Try it
Starting with the line that has "REAR BEDROOM TWO" in the records below and stopping after the line that has "verso wall /", output every line exactly and nothing else; skip pictures.

Extracted entries
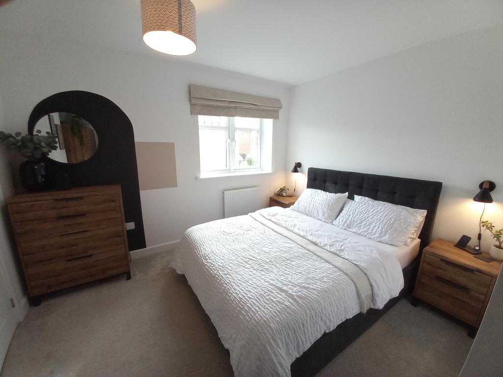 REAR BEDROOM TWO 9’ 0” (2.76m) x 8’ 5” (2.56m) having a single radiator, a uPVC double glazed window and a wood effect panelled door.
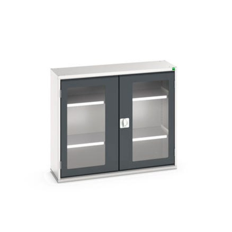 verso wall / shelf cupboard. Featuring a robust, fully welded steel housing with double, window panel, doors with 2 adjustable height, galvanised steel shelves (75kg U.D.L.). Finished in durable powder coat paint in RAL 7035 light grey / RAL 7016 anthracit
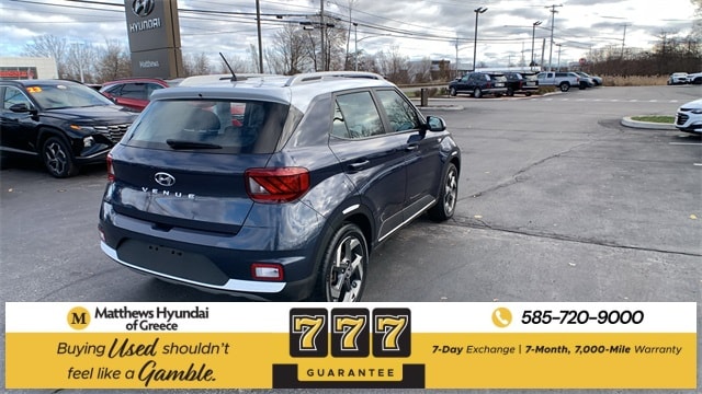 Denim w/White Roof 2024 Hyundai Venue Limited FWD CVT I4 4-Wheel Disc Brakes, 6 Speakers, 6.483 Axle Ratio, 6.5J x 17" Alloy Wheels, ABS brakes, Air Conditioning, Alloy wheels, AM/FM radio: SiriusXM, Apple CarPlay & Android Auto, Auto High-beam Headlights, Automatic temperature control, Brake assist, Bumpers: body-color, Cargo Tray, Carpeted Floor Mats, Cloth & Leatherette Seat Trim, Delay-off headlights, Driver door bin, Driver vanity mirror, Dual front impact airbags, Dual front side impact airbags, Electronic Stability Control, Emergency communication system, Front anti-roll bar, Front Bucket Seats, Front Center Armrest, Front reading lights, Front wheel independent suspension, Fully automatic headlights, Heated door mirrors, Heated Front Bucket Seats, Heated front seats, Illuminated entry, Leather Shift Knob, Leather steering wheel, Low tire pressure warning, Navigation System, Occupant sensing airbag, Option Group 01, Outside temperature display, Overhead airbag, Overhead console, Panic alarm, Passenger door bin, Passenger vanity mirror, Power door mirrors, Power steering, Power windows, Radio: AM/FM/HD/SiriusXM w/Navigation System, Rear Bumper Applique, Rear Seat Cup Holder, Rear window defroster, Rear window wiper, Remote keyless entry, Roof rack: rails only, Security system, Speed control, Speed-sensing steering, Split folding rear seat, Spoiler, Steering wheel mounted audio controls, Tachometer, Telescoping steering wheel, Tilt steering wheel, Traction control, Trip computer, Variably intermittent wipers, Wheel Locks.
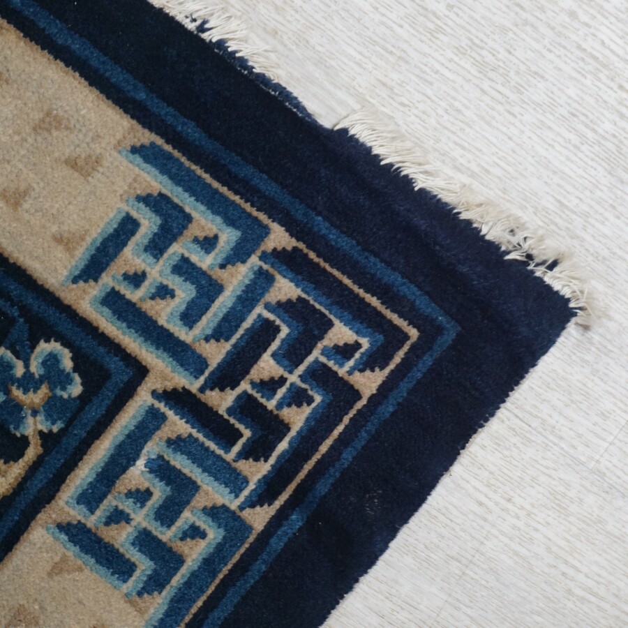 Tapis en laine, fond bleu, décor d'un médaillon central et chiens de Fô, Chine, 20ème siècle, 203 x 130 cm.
--
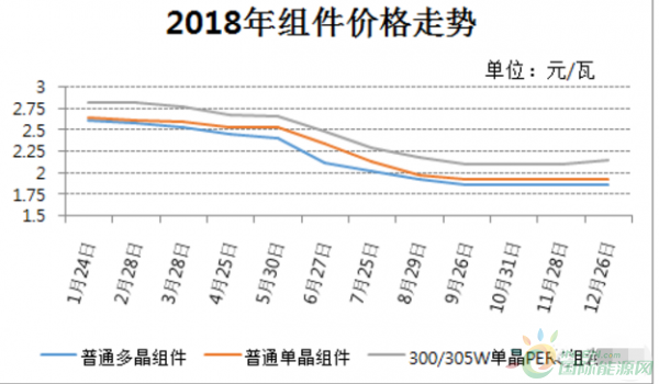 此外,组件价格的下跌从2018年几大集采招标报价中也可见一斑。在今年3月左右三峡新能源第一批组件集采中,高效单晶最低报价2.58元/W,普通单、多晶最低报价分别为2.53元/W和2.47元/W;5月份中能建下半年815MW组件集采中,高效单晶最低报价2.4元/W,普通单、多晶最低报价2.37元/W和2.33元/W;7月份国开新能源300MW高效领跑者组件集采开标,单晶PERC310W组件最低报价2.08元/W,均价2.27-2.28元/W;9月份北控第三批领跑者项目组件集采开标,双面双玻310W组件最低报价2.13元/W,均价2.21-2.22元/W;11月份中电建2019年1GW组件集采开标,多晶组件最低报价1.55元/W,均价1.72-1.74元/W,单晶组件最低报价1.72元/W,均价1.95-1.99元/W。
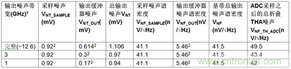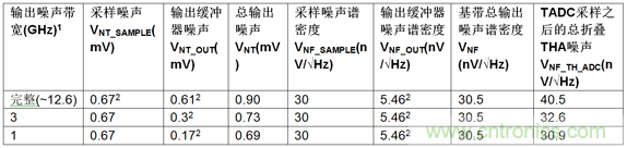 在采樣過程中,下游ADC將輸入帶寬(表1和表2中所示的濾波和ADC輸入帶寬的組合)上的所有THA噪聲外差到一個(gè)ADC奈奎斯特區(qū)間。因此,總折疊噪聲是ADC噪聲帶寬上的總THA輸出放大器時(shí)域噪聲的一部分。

Result for this task
 REAR BEDROOM TWO 9’ 0” (2.76m) x 8’ 5” (2.56m) having a single radiator, a uPVC double glazed window and a wood effect panelled door.
 verso wall / shelf cupboard. Featuring a robust, fully welded steel housing with double, window panel, doors with 2 adjustable height, galvanised steel shelves (75kg U.D.L.). Finished in durable powder coat paint in RAL 7035 light grey / RAL 7016 anthracit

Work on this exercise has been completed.